## Required action
What is needed is a word-for-word copy of the listing below, without pictures.

## Stored data
◇ ◇ ◇ ◇ ◇

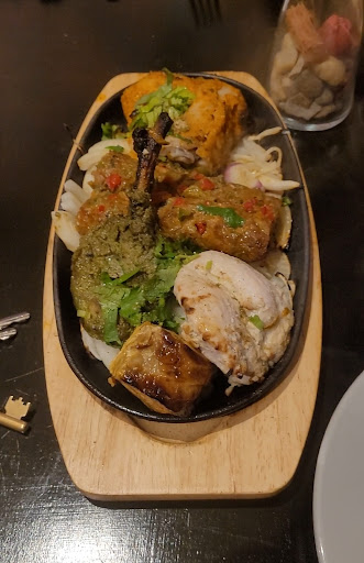 Let's talk about the food – an exquisite journey for the palate. For starters, we indulged in the Meat Sizzler, a tantalizing array of chicken, lamb chops, tuna, and kebabs. Each bite was a burst of flavor, with the chicken particularly standing out, complemented perfectly by the mint sauce. And the drinks? Ah, the Mango Lassi, a creamy concoction that danced on the taste buds, and the Desi Punch, with its refreshing kick, left us wanting more.
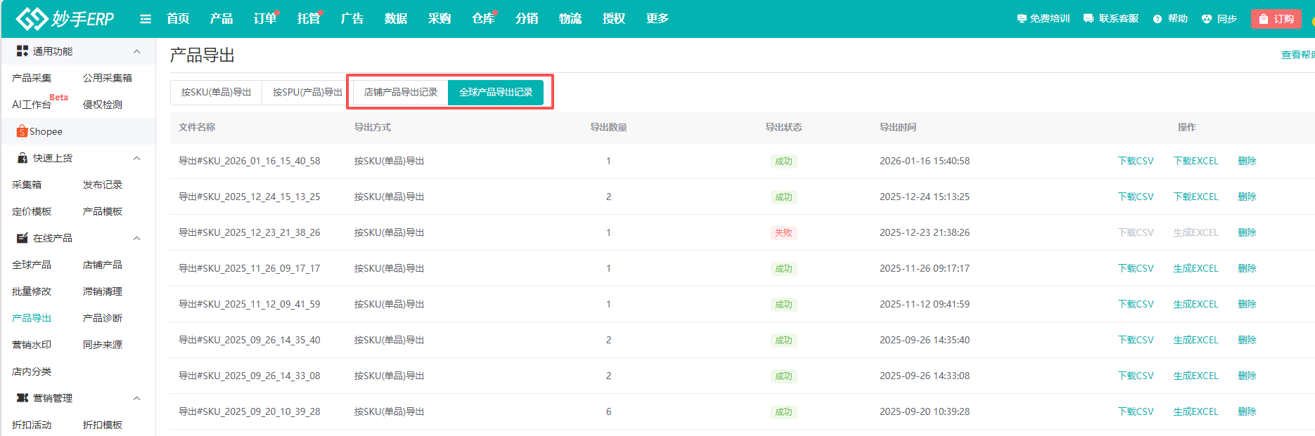 值得一提的是,针对Shopee平台,您还可以按“店铺产品”和“全球产品”两种维度分别查看和导出相应记录,为多店铺运营提供更大便利。
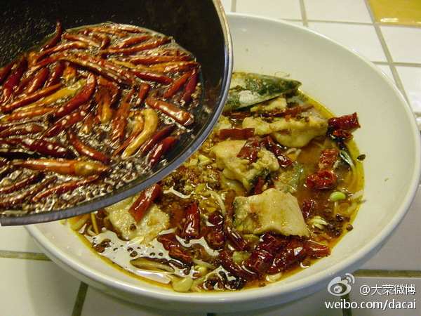 如同所有入乡随俗的菜肴,北漂的水煮鱼吸收了北方制作辣椒油的方法。当成功地和当地烹饪方法结合,适应了北京人的口味之后,水煮鱼日渐被人喜爱,终于红透京城,并以不可遏止的速度向全国全世界蔓延,如同明星效应,水煮鱼迅速成为一种符号,扎根在每一个可能的地方,以至于我们在内蒙小镇寻找当地美食,对方却告诉我们他们的特色是:“水煮鱼。”
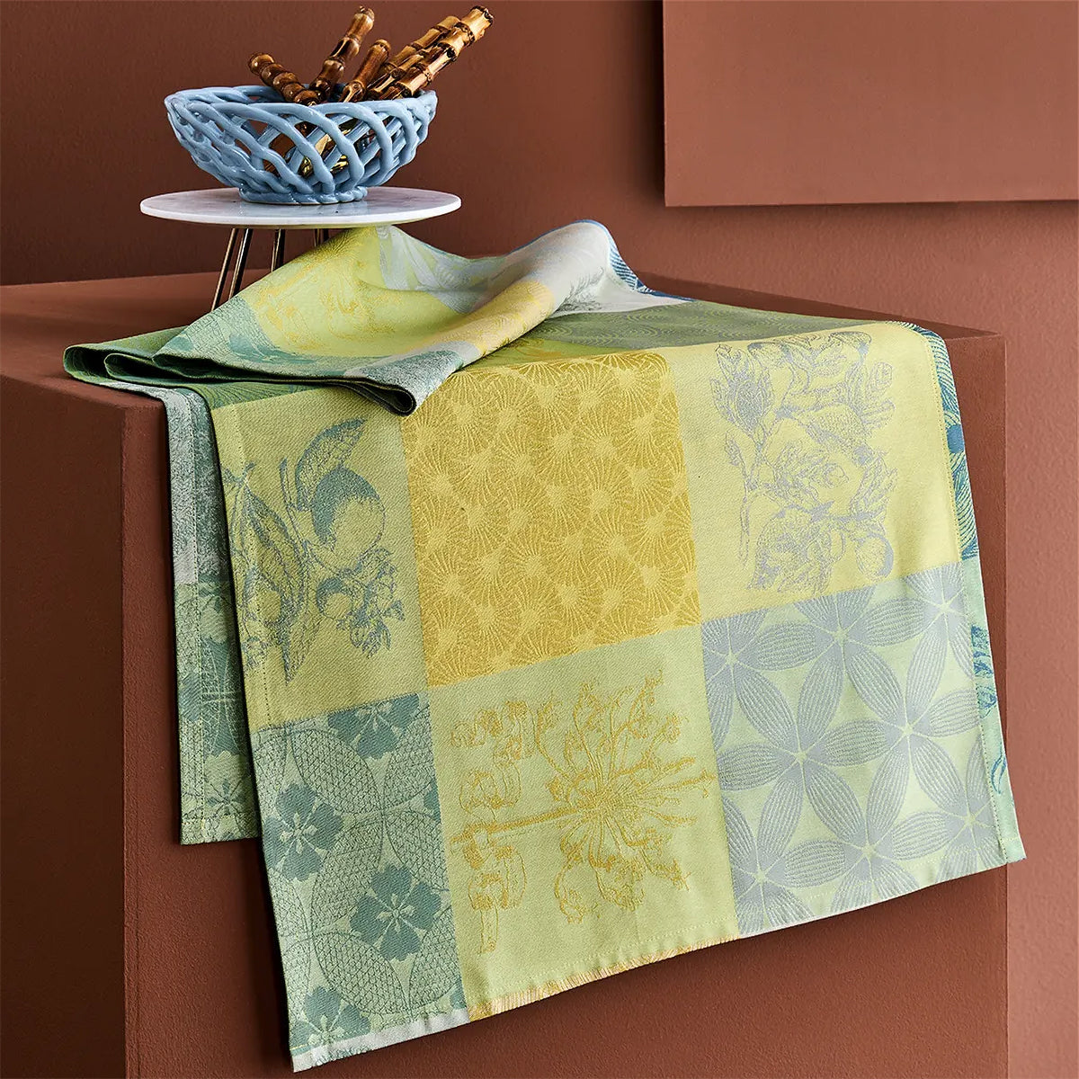 Discover the green, yellow, and blue patchwork design of the Mille Parfums Limoni Tablerunner with flowers, fruit, and geometric motifs. This woven design was crafted from original artwork, hand-drawn by our in-house team of textile artisans & designers in France. Constructed on jacquard looms with extra long staple cotton, Garnier Thiebaut USA's jacquard table linen collections are woven for longevity, and can last for generations with the proper washing maintenance and use.

◇ ◇ ◇ ◇ ◇

## Solution
 Let's talk about the food – an exquisite journey for the palate. For starters, we indulged in the Meat Sizzler, a tantalizing array of chicken, lamb chops, tuna, and kebabs. Each bite was a burst of flavor, with the chicken particularly standing out, complemented perfectly by the mint sauce. And the drinks? Ah, the Mango Lassi, a creamy concoction that danced on the taste buds, and the Desi Punch, with its refreshing kick, left us wanting more.
 值得一提的是,针对Shopee平台,您还可以按“店铺产品”和“全球产品”两种维度分别查看和导出相应记录,为多店铺运营提供更大便利。
 如同所有入乡随俗的菜肴,北漂的水煮鱼吸收了北方制作辣椒油的方法。当成功地和当地烹饪方法结合,适应了北京人的口味之后,水煮鱼日渐被人喜爱,终于红透京城,并以不可遏止的速度向全国全世界蔓延,如同明星效应,水煮鱼迅速成为一种符号,扎根在每一个可能的地方,以至于我们在内蒙小镇寻找当地美食,对方却告诉我们他们的特色是:“水煮鱼。”
 Discover the green, yellow, and blue patchwork design of the Mille Parfums Limoni Tablerunner with flowers, fruit, and geometric motifs. This woven design was crafted from original artwork, hand-drawn by our in-house team of textile artisans & designers in France. Constructed on jacquard looms with extra long staple cotton, Garnier Thiebaut USA's jacquard table linen collections are woven for longevity, and can last for generations with the proper washing maintenance and use.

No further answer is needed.